Middles are all about putting in the time to create the content and solving issues as they come up. Here I think I need more work, specifically with the discipline needed to continue coming back to the same project to continue work after it has stopped being exciting. I need to learn to push myself to keep going even if the work no longer looks like what I imagined it to be and I cannot yet see what it will become. To believe in what I’ve created already when it looks like I am further from being finished than when I started. I suspect I will always have more to learn about various methods I can use to fix what I am creating so that the result is cleaner as well, and I suspect there will be different tricks in each medium, but for the most part what I need is confidence.

Finally, we come to endings. This is the part of creative projects that I am worst at. As I’ve said before, in over a decade of making games, I’ve only finished one of my own initiative. I’ve started loads... at least two a year... but none of those have ever become complete. While much of the reason I’ve finished so few is because I’ve given up in the middle, I still know that it is the endings that I fear the most. I do not think I know when to end, nor how to end well. Even in my professional work I lose focus at the ends of projects, when tweaks still need to be made, but larger changes no longer have a place.

And that’s it. That is the state of my skills when it comes to creating things I care about. Except it is not ‘it’, at least not completely. Even once a project is finished, an independent creator’s work is not done. In order for a work to connect with an audience, there must be an audience for it to connect to. This is the whole world of publishing and advertising, and it is a world that I am completely lost in. I have no idea what the best things to do here are, and I generally feel a little embarrassed to ask someone else to look at what I’ve created. I really suck at this part of project; case in point, I doubt more than a few people are ever going to read this.

So how can I improve? How can I learn the skills that I am missing? I know that I learn best through reading, thinking and talking. And then, finally, practicing. When it comes to creating finished projects, I’ve read many books, I’ve thought many thoughts and I’ve talked to many experts. What I haven’t done, is practice. I will learn the most by experiencing all parts of the creative process multiple times, not just the first few over and over, or all of them spread over a decade. The more projects I can finish (and be satisfied with), the better.
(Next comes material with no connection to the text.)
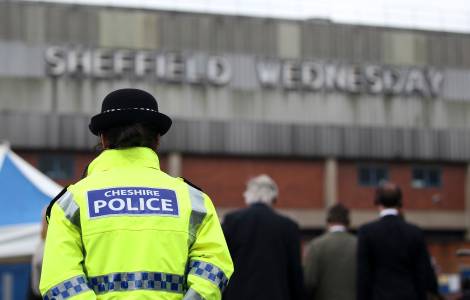 A police officer stands in front of members of the media during a visit by Hillsborough Inquest jurors to the Hillsborough stadium in Sheffield May 23, 2014. Lord Justice Goldring is leading the inquest into the 1989 Hillsborough disaster, that claimed the lives of 96 men, women and children. REUTERS/Lynne Cameron/pool (BRITAIN - Tags: CRIME LAW DISASTER SPORT SOCCER OBITUARY)

This sounds like quantity over quality again (though quality is still important).

All this is to say that as an author I shouldn’t let myself get bogged down in concerns of quality, especially if these concerns are interfering with my ability to produce quantity. It’s not that I should ignore quality entirely – I always want to do my best – but giving up on something because the quality isn’t perfect isn’t really worth it. If I finish something that is less than my best, I can later build on it both in terms of my skill and in terms of the value within it. If I don’t finish something that is less than my best then I am left with nothing. And nothing is certainly less than something.

Any audience worth having will be willing to let me get better, but they won’t wait around for me to create content if I never let them see anything. And the most important audience isn’t external – it’s the internal one which already sees everything anyways.